--- Records for this task Enclosed Below ---

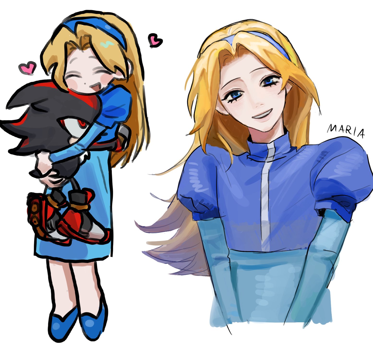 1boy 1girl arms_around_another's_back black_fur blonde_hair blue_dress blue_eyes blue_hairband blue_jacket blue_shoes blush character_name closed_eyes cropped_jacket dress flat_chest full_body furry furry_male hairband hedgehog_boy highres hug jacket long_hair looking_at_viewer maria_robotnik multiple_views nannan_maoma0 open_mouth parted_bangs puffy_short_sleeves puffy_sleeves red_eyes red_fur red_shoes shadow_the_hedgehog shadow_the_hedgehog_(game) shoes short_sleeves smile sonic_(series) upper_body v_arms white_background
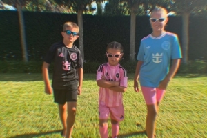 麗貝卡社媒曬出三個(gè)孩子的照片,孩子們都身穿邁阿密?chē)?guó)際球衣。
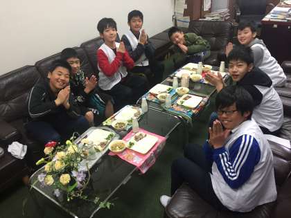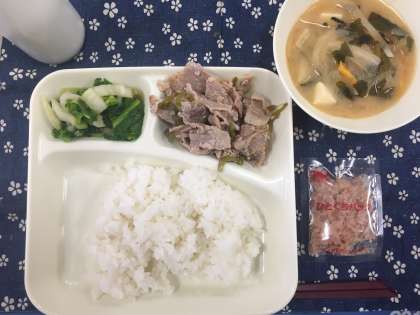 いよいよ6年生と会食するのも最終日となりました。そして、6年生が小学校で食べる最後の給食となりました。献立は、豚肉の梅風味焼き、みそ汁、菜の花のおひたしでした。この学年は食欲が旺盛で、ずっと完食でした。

--- End of Enclosed Records for this task ---
--- Records for this task Enclosed Below ---

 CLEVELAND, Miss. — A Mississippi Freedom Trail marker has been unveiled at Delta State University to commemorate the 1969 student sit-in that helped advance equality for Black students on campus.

--- End of Enclosed Records for this task ---
--- Records for this task Enclosed Below ---

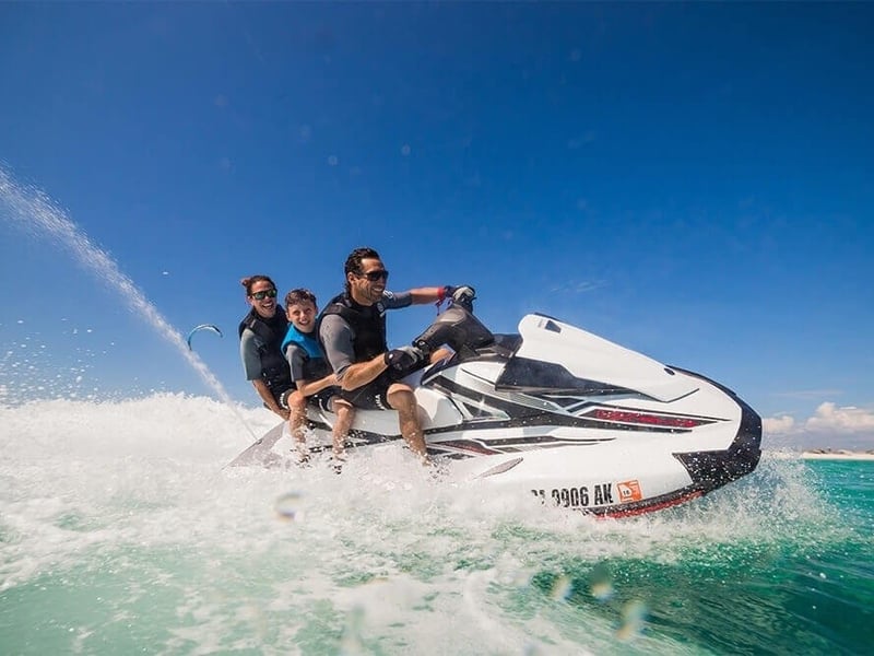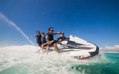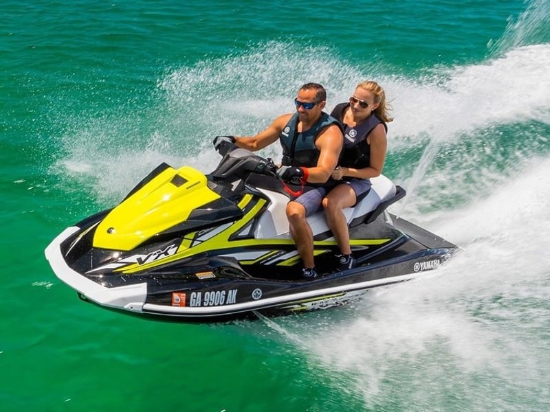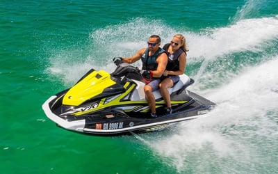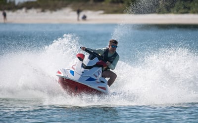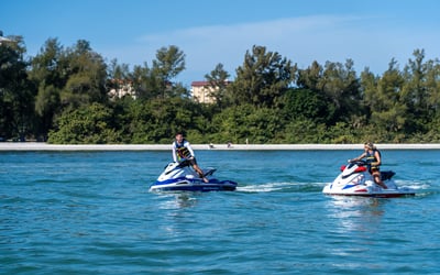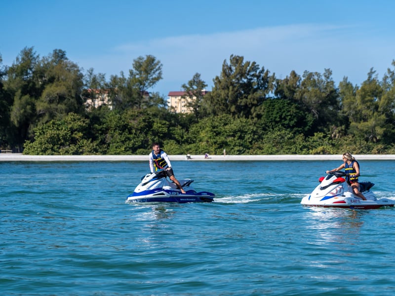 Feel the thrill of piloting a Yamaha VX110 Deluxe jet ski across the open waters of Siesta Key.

--- End of Enclosed Records for this task ---

* **Task to complete**
Quote the lines above exactly, starting with the one that has "1boy 1girl arms_around_another's_back" and ending with the one that has "いよいよ6年生と会食するのも"; drop the pictures and include nothing else.

* **Result of this exercise**
 1boy 1girl arms_around_another's_back black_fur blonde_hair blue_dress blue_eyes blue_hairband blue_jacket blue_shoes blush character_name closed_eyes cropped_jacket dress flat_chest full_body furry furry_male hairband hedgehog_boy highres hug jacket long_hair looking_at_viewer maria_robotnik multiple_views nannan_maoma0 open_mouth parted_bangs puffy_short_sleeves puffy_sleeves red_eyes red_fur red_shoes shadow_the_hedgehog shadow_the_hedgehog_(game) shoes short_sleeves smile sonic_(series) upper_body v_arms white_background
 麗貝卡社媒曬出三個(gè)孩子的照片,孩子們都身穿邁阿密?chē)?guó)際球衣。
 いよいよ6年生と会食するのも最終日となりました。そして、6年生が小学校で食べる最後の給食となりました。献立は、豚肉の梅風味焼き、みそ汁、菜の花のおひたしでした。この学年は食欲が旺盛で、ずっと完食でした。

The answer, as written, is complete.